▶ [Working data]
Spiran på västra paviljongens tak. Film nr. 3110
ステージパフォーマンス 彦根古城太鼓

--

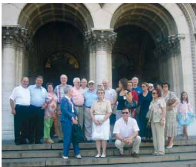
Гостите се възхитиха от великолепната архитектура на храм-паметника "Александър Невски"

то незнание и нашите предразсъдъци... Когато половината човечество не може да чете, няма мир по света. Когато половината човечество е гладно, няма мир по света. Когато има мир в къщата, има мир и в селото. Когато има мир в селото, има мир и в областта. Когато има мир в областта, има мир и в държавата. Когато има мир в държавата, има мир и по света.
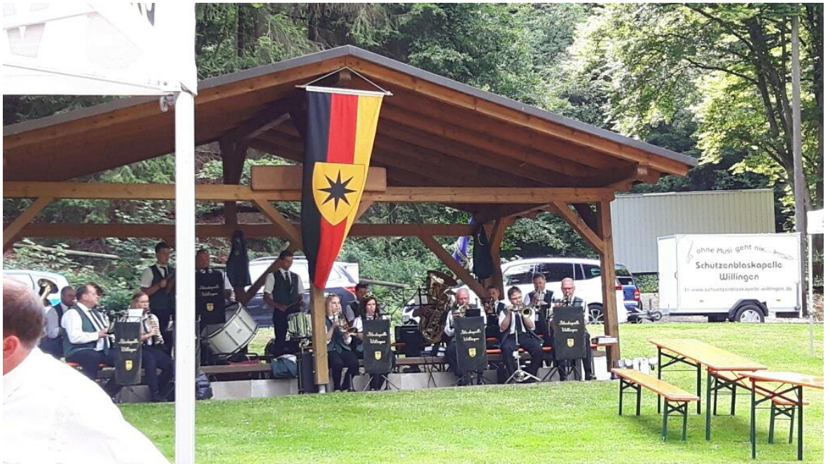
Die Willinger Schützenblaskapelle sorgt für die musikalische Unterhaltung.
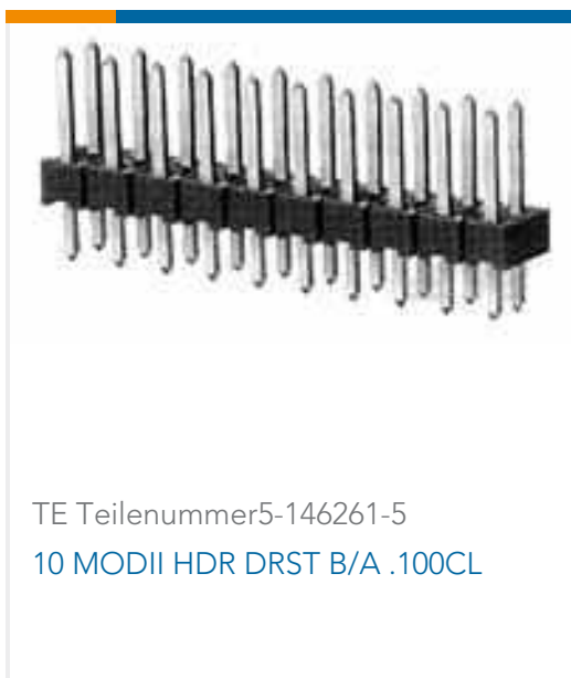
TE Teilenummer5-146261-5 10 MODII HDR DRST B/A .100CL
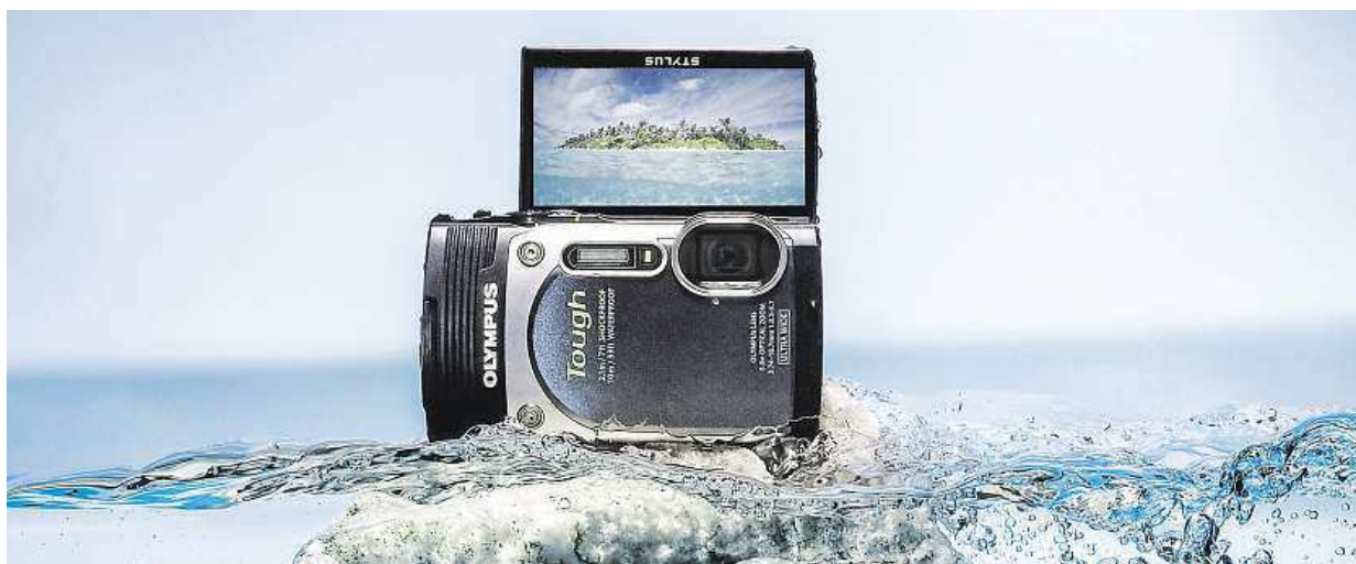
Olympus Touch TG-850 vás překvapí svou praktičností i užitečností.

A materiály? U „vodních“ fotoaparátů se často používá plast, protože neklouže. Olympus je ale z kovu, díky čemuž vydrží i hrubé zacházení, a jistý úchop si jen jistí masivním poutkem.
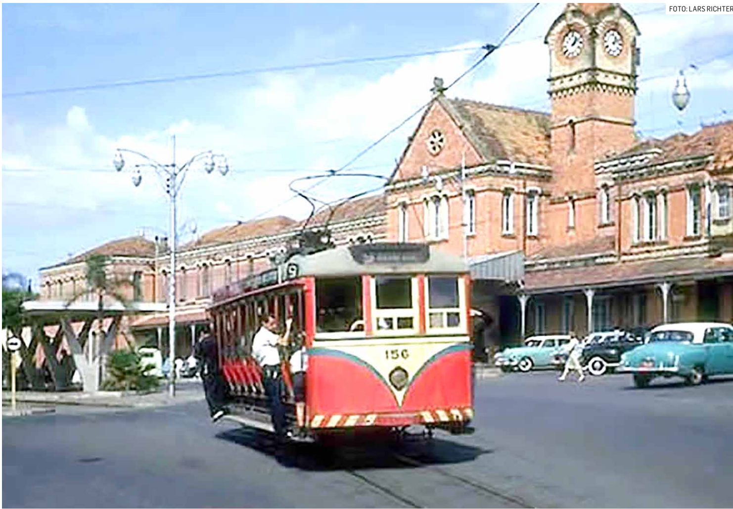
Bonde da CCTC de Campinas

==

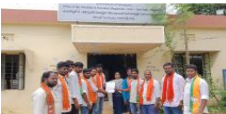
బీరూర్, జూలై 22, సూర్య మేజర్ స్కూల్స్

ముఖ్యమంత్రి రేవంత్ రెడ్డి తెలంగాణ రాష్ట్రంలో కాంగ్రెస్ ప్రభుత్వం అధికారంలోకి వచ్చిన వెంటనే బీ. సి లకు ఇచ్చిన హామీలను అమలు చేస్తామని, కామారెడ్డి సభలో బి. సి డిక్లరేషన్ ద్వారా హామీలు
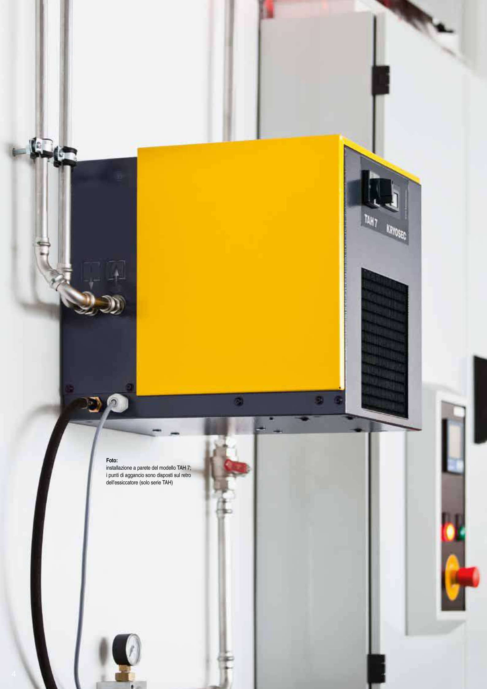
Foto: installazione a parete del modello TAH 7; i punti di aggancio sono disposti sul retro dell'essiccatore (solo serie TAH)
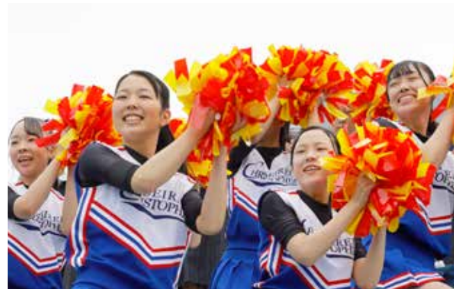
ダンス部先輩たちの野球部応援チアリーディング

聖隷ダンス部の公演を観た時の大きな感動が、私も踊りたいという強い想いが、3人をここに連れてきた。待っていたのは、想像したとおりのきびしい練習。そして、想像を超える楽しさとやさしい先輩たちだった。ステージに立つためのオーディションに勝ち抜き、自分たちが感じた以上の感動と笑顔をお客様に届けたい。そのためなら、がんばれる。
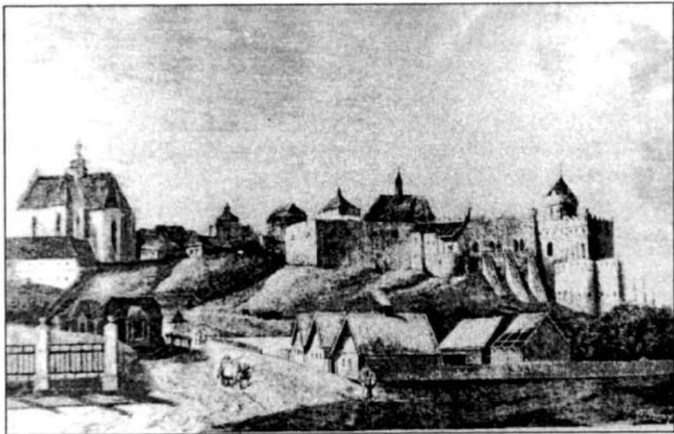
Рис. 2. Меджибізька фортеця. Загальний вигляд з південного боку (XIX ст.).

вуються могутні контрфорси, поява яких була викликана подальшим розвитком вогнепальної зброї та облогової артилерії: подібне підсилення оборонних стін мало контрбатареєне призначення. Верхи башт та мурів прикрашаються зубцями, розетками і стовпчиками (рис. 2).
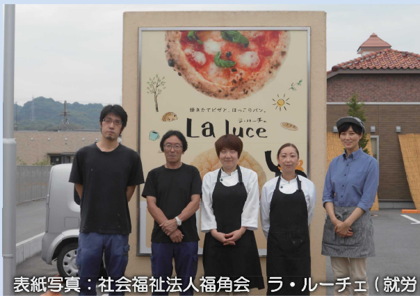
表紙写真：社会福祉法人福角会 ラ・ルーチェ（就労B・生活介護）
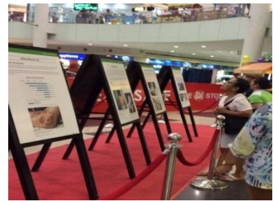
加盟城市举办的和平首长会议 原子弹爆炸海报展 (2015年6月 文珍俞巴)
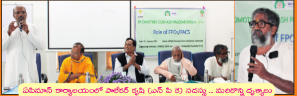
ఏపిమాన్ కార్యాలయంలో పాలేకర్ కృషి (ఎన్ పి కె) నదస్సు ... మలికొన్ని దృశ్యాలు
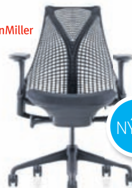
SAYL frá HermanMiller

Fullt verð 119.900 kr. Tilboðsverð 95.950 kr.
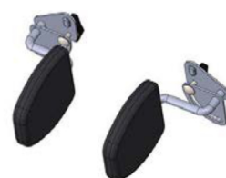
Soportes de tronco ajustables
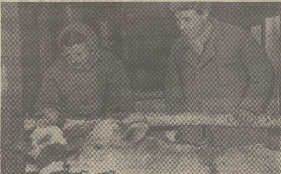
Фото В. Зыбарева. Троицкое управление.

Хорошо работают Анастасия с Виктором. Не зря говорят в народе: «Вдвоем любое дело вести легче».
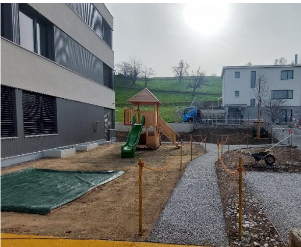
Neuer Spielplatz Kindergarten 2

▶ [Your objective] Copy out every line of the material above that contains the string "Olympus".

▶ [Problem solution]
Olympus Touch TG-850 vás překvapí svou praktičností i užitečností.
A materiály? U „vodních“ fotoaparátů se často používá plast, protože neklouže. Olympus je ale z kovu, díky čemuž vydrží i hrubé zacházení, a jistý úchop si jen jistí masivním poutkem.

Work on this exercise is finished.